| Aim of the exercise |
Return exactly those lines of the material below that fall between the line holding "BEADED DANGLE EARRINGS" and the line holding "24日下午,集美大學黨委書記", inclusive.

| Material shown |

* * *

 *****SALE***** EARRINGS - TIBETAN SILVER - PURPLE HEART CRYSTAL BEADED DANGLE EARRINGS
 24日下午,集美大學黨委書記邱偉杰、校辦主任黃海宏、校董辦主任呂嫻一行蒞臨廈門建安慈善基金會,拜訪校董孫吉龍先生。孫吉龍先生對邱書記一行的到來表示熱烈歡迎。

* * *

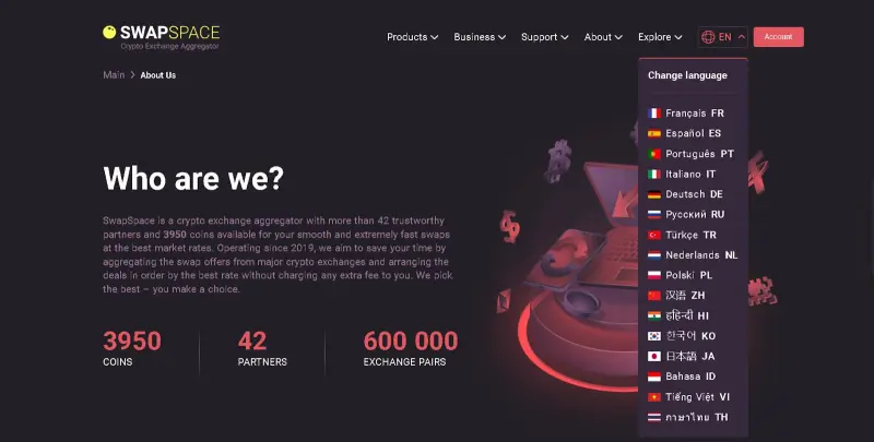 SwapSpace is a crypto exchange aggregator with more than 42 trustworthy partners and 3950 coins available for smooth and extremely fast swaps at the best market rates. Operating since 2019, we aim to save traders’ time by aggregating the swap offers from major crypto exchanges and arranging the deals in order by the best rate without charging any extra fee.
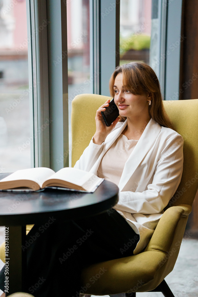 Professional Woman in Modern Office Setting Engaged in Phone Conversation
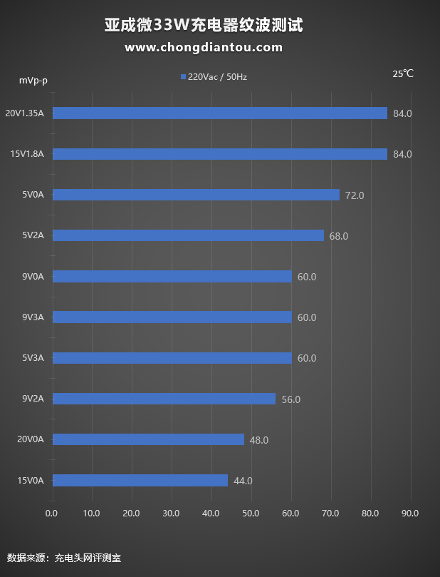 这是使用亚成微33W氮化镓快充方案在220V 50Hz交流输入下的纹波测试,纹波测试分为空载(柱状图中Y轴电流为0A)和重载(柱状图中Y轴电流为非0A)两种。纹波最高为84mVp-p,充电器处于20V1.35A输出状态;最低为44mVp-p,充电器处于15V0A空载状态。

* * *

| Response to this task |
 *****SALE***** EARRINGS - TIBETAN SILVER - PURPLE HEART CRYSTAL BEADED DANGLE EARRINGS
 24日下午,集美大學黨委書記邱偉杰、校辦主任黃海宏、校董辦主任呂嫻一行蒞臨廈門建安慈善基金會,拜訪校董孫吉龍先生。孫吉龍先生對邱書記一行的到來表示熱烈歡迎。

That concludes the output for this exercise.